No hay vuelta atrás: estoy aquí mirando las estrellas sin entender qué hice mal, cuándo surgió la angustia y por qué. Soy culpable, tan culpable como papá y pagaré las consecuencias. No importa lo que haga, la suerte está echada: estoy condenada al insomnio.

A mi abuela le espantaban las ilusiones de su hijo, le causaba horror imaginar a su nieta menor soltera, vagando por el mundo y pintando. Lo que temía más era que no tuviera hijos ("una descendiente mía jamás negará su maternidad") y que me dedicara a la mala vida ("eso de tener muchos hombres no está bien"). Tenía razón: no tengo hijos ni una pareja estable. Mi abuela y mi madre rezaban (y aún lo hacen) diariamente para que yo consiga un marido que me haga me regale la "felicidad", aunque claro, están convencidas de que no lo merezco. Todavía se preguntan a quién salí, si su genealogía es tan pura (a mí también me gustaría saber "a quién salí, y no es mera curiosidad. No me parezco a mi madre ni a mi padre.)

Estoy cansada y como siempre que el agotamiento me aprieta, el presente parece tambalearse por las ráfagas del pasado que centellean mi memoria. Mañana muy temprano opero, es más de media noche (o eso parece), y no puedo concentrarme en el expediente. Sobre la mesa mis utensilios de trabajo (lápices, radiografías y papel) parecen reclamarme mi indiferencia.

Prendo otro cigarro con la esperanza de retardar el futuro inmediato. Hace frío, la ansiedad crece para beneplácito de mis aflicciones. No quiero pensar, no quiero temer y no dejo de temer ni de pensar, por qué no me casé con Luis, por qué niego la maternidad y todas esas tonterías que pensamos las mujeres una vez pasados los treinta; aunque sé bien que me ocupo de estas nimiedades para no responder por qué deje la pintura y por otras razones más primitivas y funcionales: mañana opero, tengo miedo y síntomas premenstruales.

Las hormonas han influido definitivamente en mi vida. Las decisiones trascendentales las he hecho en el periodo menstrual. No creo en el horóscopo ni en Dios, desgraciadamente. Así que considero a las hormonas responsables de mi destino (si acaso existe), crédito que comparten con la manía estrafalaria de leer mi futuro a través de líneas. Sí, cada vez que me enfrento a una situación difícil (como la operación de mañana) dibujo, es como si jugara al Tarot, ahí encuentro la respuesta. Pero hoy tengo miedo de trazar cualquier línea, tanto como el día que murió papá.

Nadie sabe que pinto.
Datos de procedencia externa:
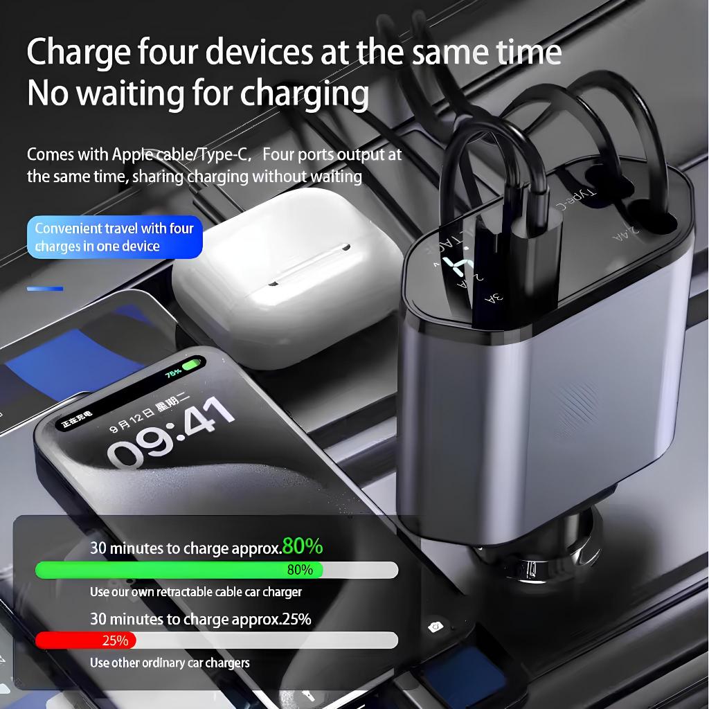 UPLU 120W Fast Charging Car Charger Mobil & Motor Rectractable Cable 4 In 1 Type-C Dan Iphone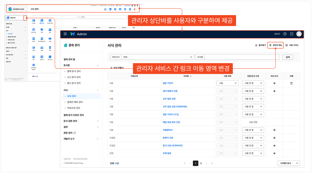 WORKPLACE에서는 사용자와 관리자의 PC웹 상단 바를 동일하게 운영하였으나, 네이버웍스 플랫폼에서는 사용자용과 관리자용을 분리하여 역할에 따른 최상단 메뉴를 구분하여 운영할 예정입니다.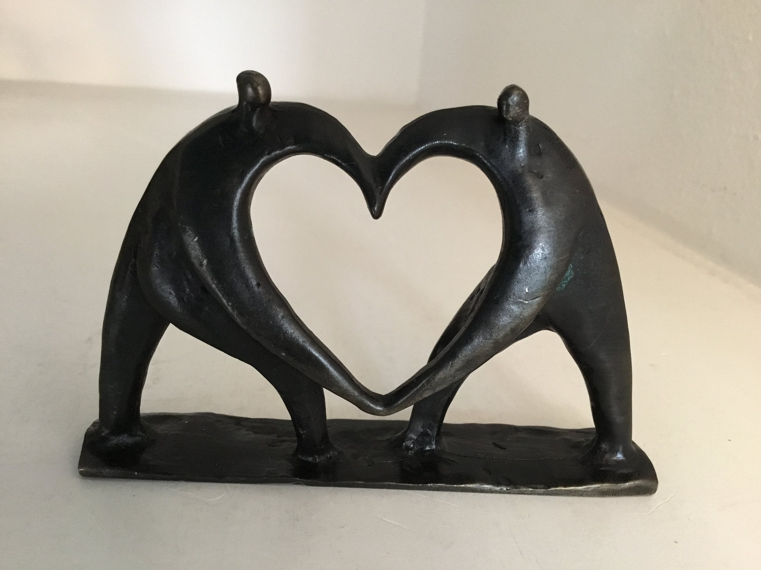 Mooi symbolisch sculptuur van twee mensfiguren die met hun armen samen een hart vormen. Titel “ Hart voor elkaar “ Kunstenares : Corry Ammerlaan Materiaal : brons Het sculptuur verkeert in goede staat en wordt zorgvuldig verpakt en aangetekend verzonden .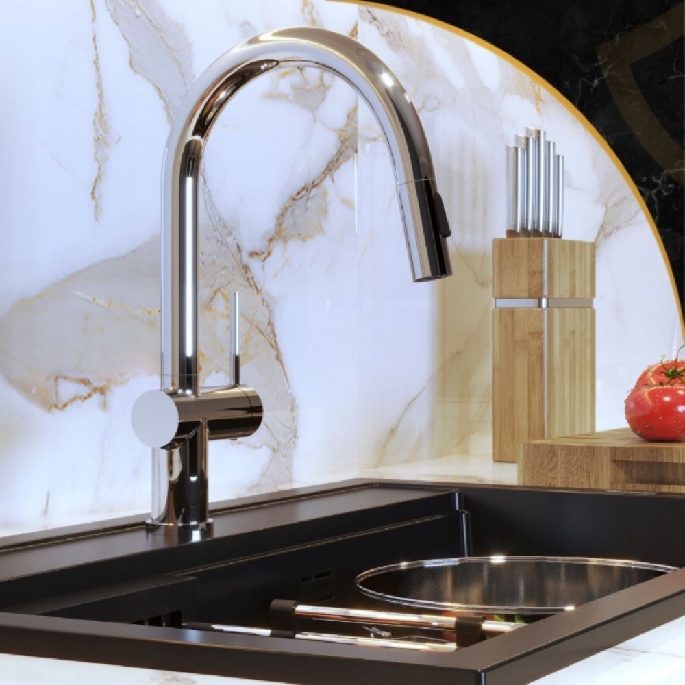Odkryj wyjątkowy komfort pracy w kuchni dzięki nowoczesnej baterii kuchennej NAYA. Bateria została zaprojektowana z myślą o codziennym użytkowaniu – trwała, wygodna i łatwa w czyszczeniu. To połączenie stylu i praktyczności, które docenią zarówno miłośnicy designu, jak i ci, którzy szukają rozwiązań ułatwiających pracę w kuchni. Montaż do blatu o maksymalnej grubości 3 cm.

Mis colegas son demasiado racionales para comprender el universo onírico que gira entre un punto y una curva; demasiado solemnes para observar historias a colores, ni siquiera son capaces de imaginar otras modalidades del esqueleto, para ellos el fémur es un hueso, para mí es un puente. A veces, mientras opero, fantaseo que el bisturí es un pincel y el paciente un soporte para mi obra.

Papá quería para mí una existencia diferente a la suya, a la de los demás (mi vida es como la de los demás). "Tú tienes que ser importante, una mujer cosmopolita". Hasta ahora ignoro que entendía por cosmopolita. De joven quería ser pintor, pero a la abuela no le parecía correcto que su niño se dedicara a la "vagancia", tenía que ser médico como el abuelo. Y lo fue aunque, al igual que yo ahora, dibujaba a escondidas. Quizá me equivoqué al continuar la tradición familiar. Con él enterré mis ansias de artista y la única posibilidad, entonces presente, de sobrevivencia era atarme a una herencia añeja. La última posibilidad, menos abstracta, de aferrarme a la vida fue asumir su penitencia. Ya no sé quién de los dos se equivocó más.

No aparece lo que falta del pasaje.